Originally published by Skim AI’s Machine Learning Researcher, Chris Tran.

Run in Google Colab


This article is on how pre-train ELECTRA, another member of the Transformer pre-training method family, for Spanish to achieve state-of-the-art results in Natural Language Processing benchmarks. It is Part III in a series on training custom BERT Language Models for Spanish for a variety of use cases:

1. Introduction

At ICLR 2020, ELECTRA: Pre-training Text Encoders as Discriminators Rather Than Generators, a new method for self-supervised language representation learning, was introduced. ELECTRA is another member of the Transformer pre-training method family, whose previous members such as BERT, GPT-2, RoBERTa have achieved many state-of-the-art results in Natural Language Processing benchmarks.

Different from other masked language modeling methods, ELECTRA is a more sample-efficient pre-training task called replaced token detection. At a small scale, ELECTRA-small can be trained on a single GPU for 4 days to outperform GPT (Radford et al., 2018) (trained using 30x more compute) on the GLUE benchmark. At a large scale, ELECTRA-large outperforms ALBERT (Lan et al., 2019) on GLUE and sets a new state-of-the-art for SQuAD 2.0.

ELECTRA consistently outperforms masked language model pre-training approaches. {: .text-center}

2. Method

Masked language modeling pre-training methods such as BERT (Devlin et al., 2019) corrupt the input by replacing some tokens (typically 15% of the input) with [MASK] and then train a model to re-construct the original tokens.

Instead of masking, ELECTRA corrupts the input by replacing some tokens with samples from the outputs of a smalled masked language model. Then, a discriminative model is trained to predict whether each token was an original or a replacement. After pre-training, the generator is thrown out and the discriminator is fine-tuned on downstream tasks.

An overview of ELECTRA. {: .text-center}

Although having a generator and a discriminator like GAN, ELECTRA is not adversarial in that the generator producing corrupted tokens is trained with maximum likelihood rather than being trained to fool the discriminator.

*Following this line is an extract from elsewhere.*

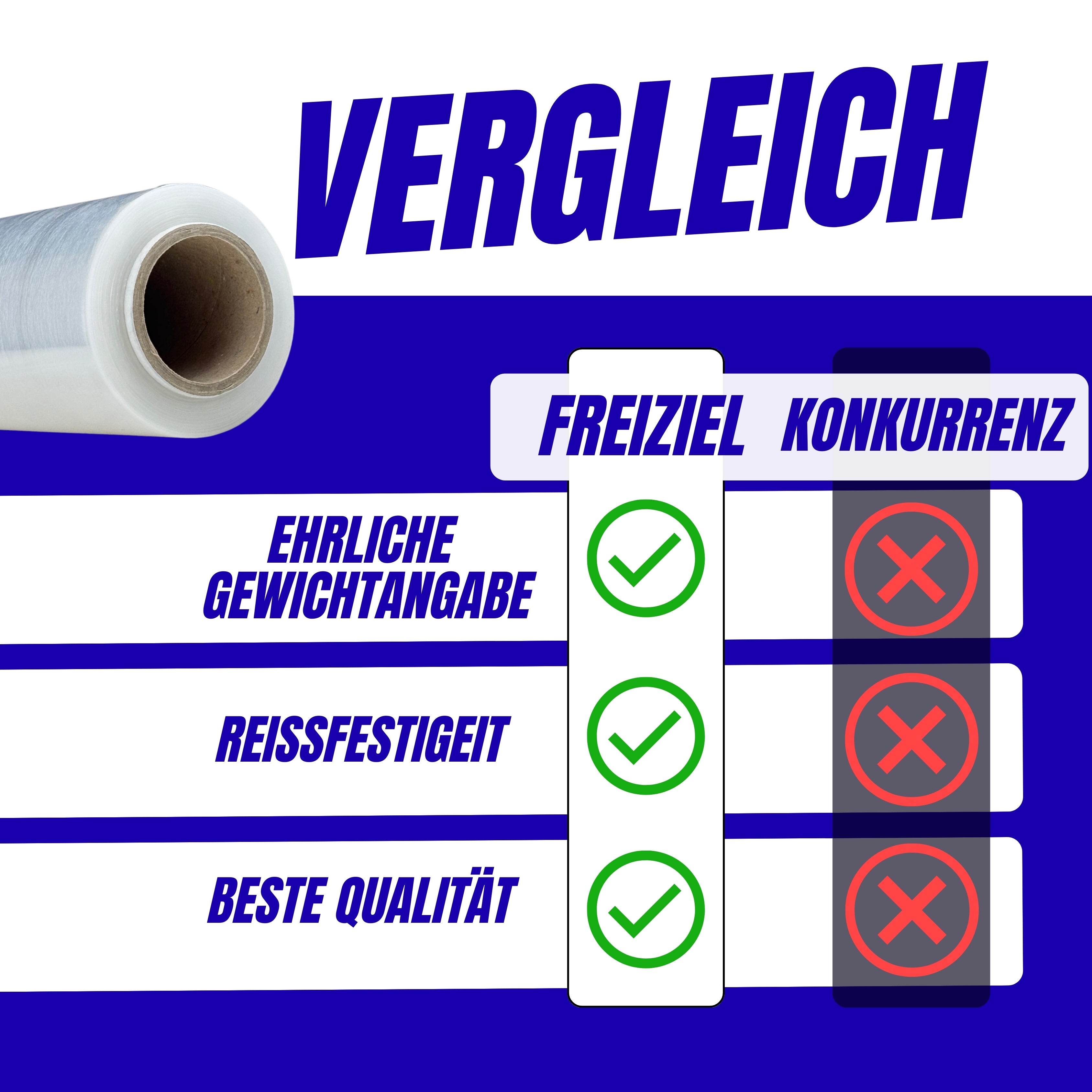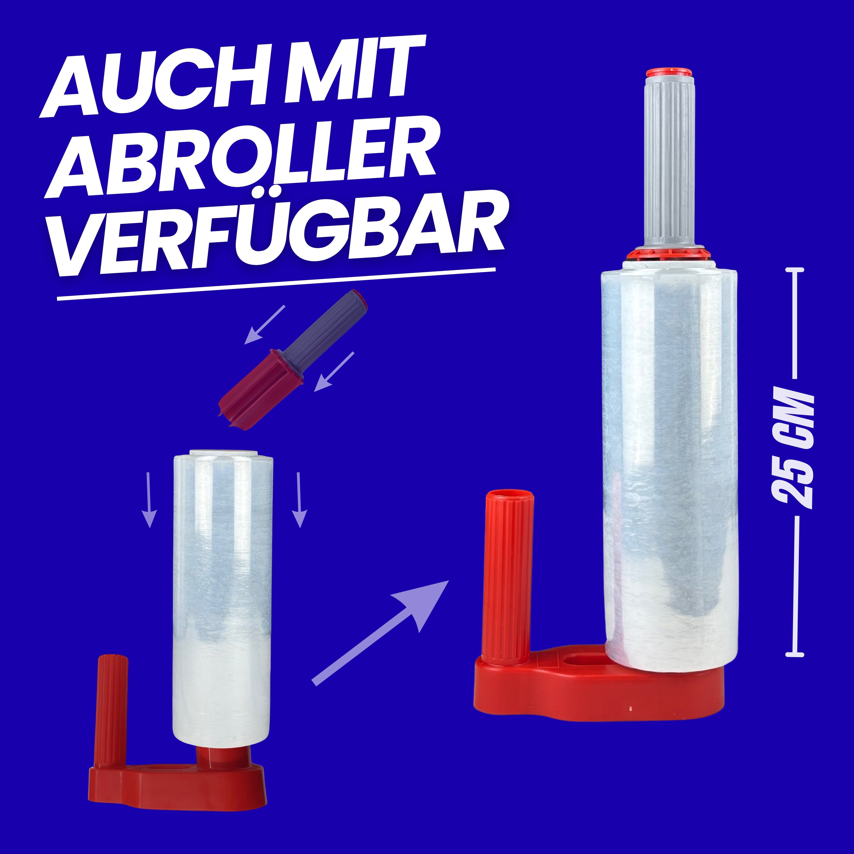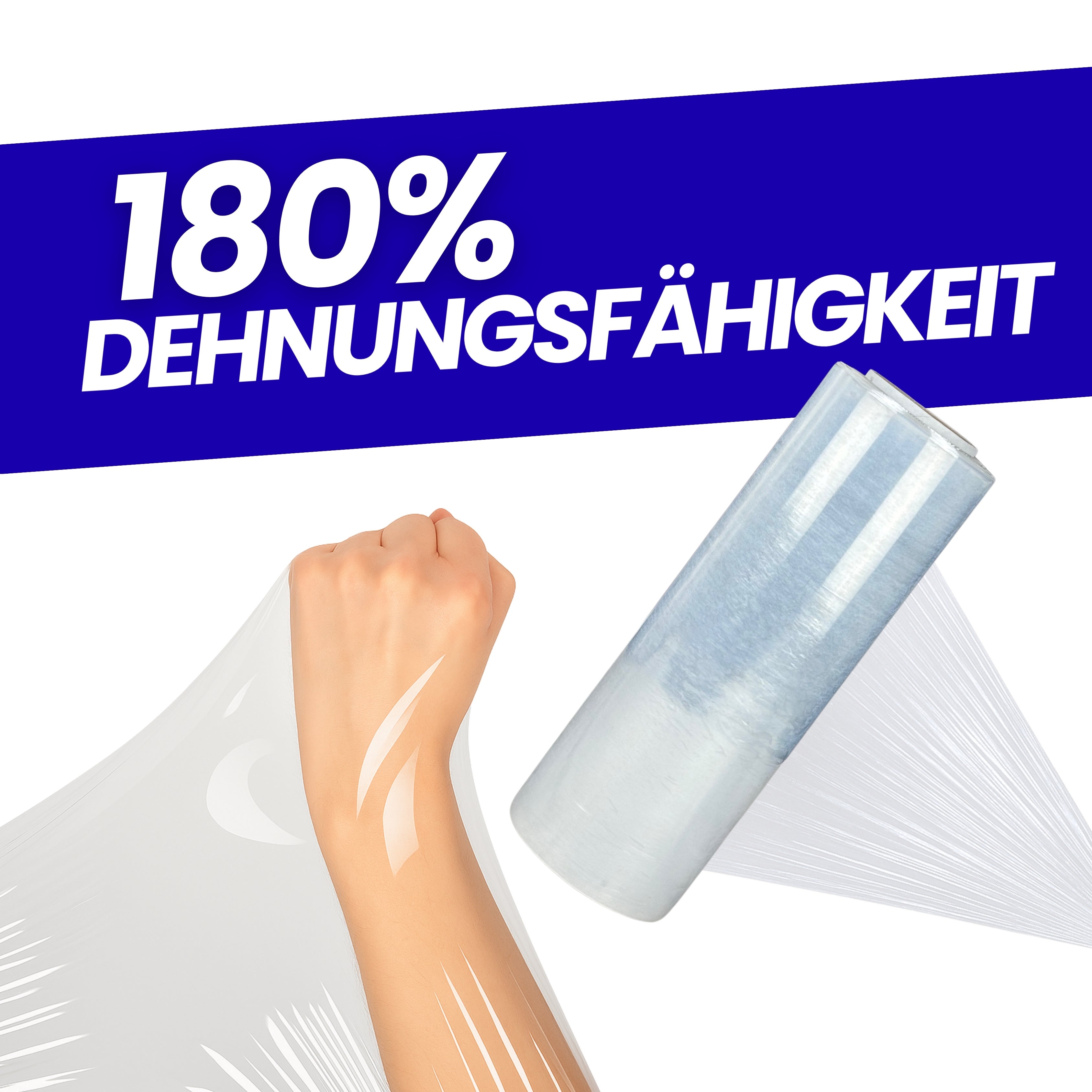 Premium Stretchfolie – Extra stark & effizient Unsere hochwertige Stretchfolie bietet maximale Sicherheit und einfache Handhabung. Mit einer Stärke von 23my, einer Folienlänge von 250 m und einem Gewicht von 900 g pro Rolle ist sie die ideale Lösung für Versand, Lagerung und Transport. Dank der 180 % Dehnungsfähigkeit holst du mehr aus jeder Rolle heraus: Ohne Dehnung: 150 m Leicht gedehnt: 233 m Mittel gedehnt: 294 m Stark gedehnt: 397 m Die bessere Rückdehnung (Memory-Effekt) sorgt dafür, dass deine Waren auch nach Transportbewegungen zuverlässig gespannt bleiben. Zudem ist die Folie UV- & wetterbeständig, hoch reißfest und auch mit Abroller verfügbar. ✔ Ehrliche Gewichtsangabe ✔ Maximale Sicherheit ✔ Beste Qualität für Profis

Why is ELECTRA so efficient?

With a new training objective, ELECTRA can achieve comparable performance to strong models such as RoBERTa (Liu et al., (2019) which has more parameters and needs 4x more compute for training. In the paper, an analysis was conducted to understand what really contribute to ELECTRA’s efficiency. The key findings are:

  • ELECTRA is greatly benefiting from having a loss defined over all input tokens rather than just a subset. More specifically, in ELECTRA, the discriminator predicts on every token in the input, while in BERT, the generator only predicts 15% masked tokens of the input.
  • BERT’s performance is slightly harmed because in the pre-training phase, the model sees [MASK] tokens, while it is not the case in the fine-tuning phase.

ELECTRA vs. BERT {: .text-center}

3. Pre-train ELECTRA

In this section, we will train ELECTRA from scratch with TensorFlow using scripts provided by ELECTRA’s authors in google-research/electra. Then we will convert the model to PyTorch’s checkpoint, which can be easily fine-tuned on downstream tasks using Hugging Face’s transformers library.

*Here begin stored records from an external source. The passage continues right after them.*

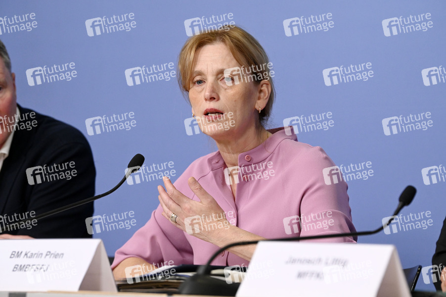 Karin Prien bei der Pressekonferenz Jahresbericht 2024 von jugendschutz.net 'Sexualisierte Gewalt und Hass: Risiken für Kinder und Jugendliche im Netz' im Haus der Bundespressekonferenz. Berlin, 20.05.2025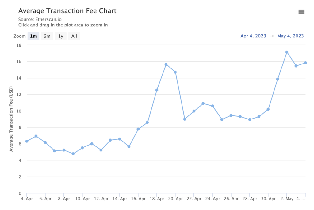 As of May 4, transaction fees on Ethereum rose to over $15. While the average gas cost on Ethereum swung between $50 and $70 in 2021, transaction costs fell rapidly during the crypto winter of 2022 only to begin rising this year.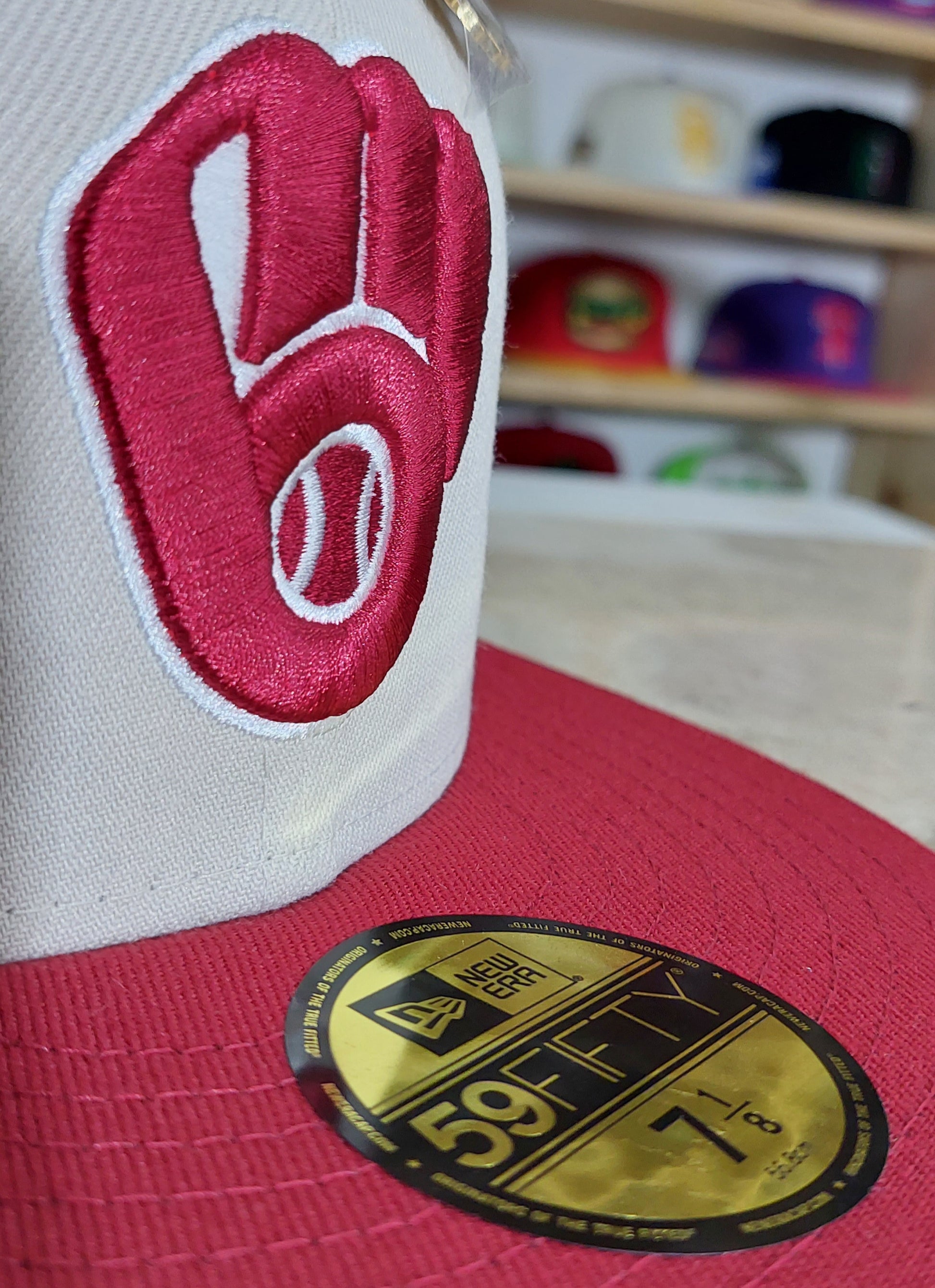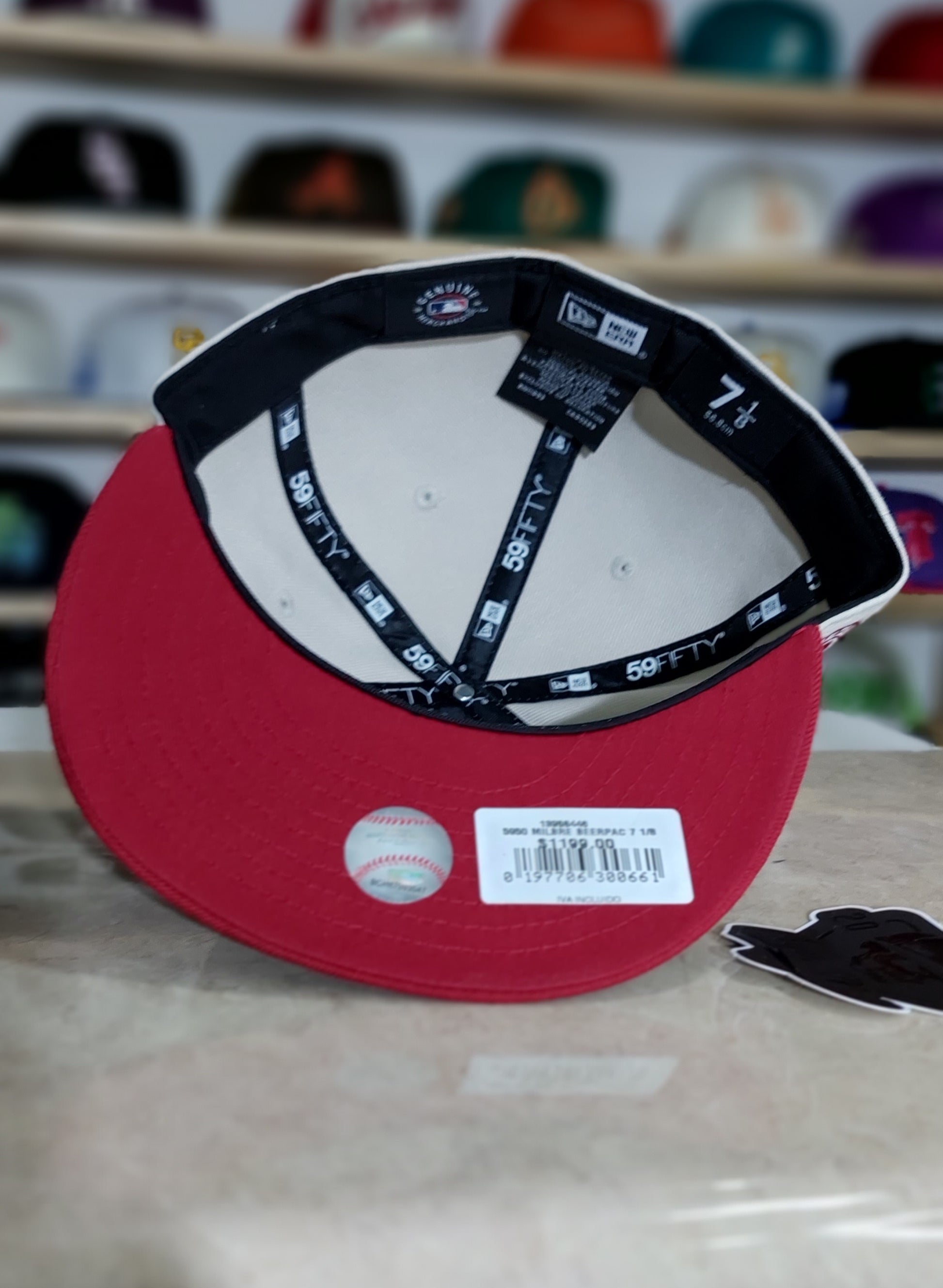 Esta gorra New Era 59FIFTY de Milwaukee Brewers de la colección Beer Pack tiene un pin especial de una corcholata, el logotipo de los Brewers bordado al frente, un diseño en dos tonos con la corona blanca y la visera roja, un parche conmemorativo y el flag de New Era bordado en el lado izquierdo.

!pip install tensorflow==1.15
!pip install transformers==2.8.0
!git clone https://github.com/google-research/electra.git
import os
import json
from transformers import AutoTokenizer


We will pre-train ELECTRA on a Spanish movie subtitle dataset retrieved from OpenSubtitles. This dataset is 5.4 GB in size and we will train on a small subset of ~30 MB for presentation.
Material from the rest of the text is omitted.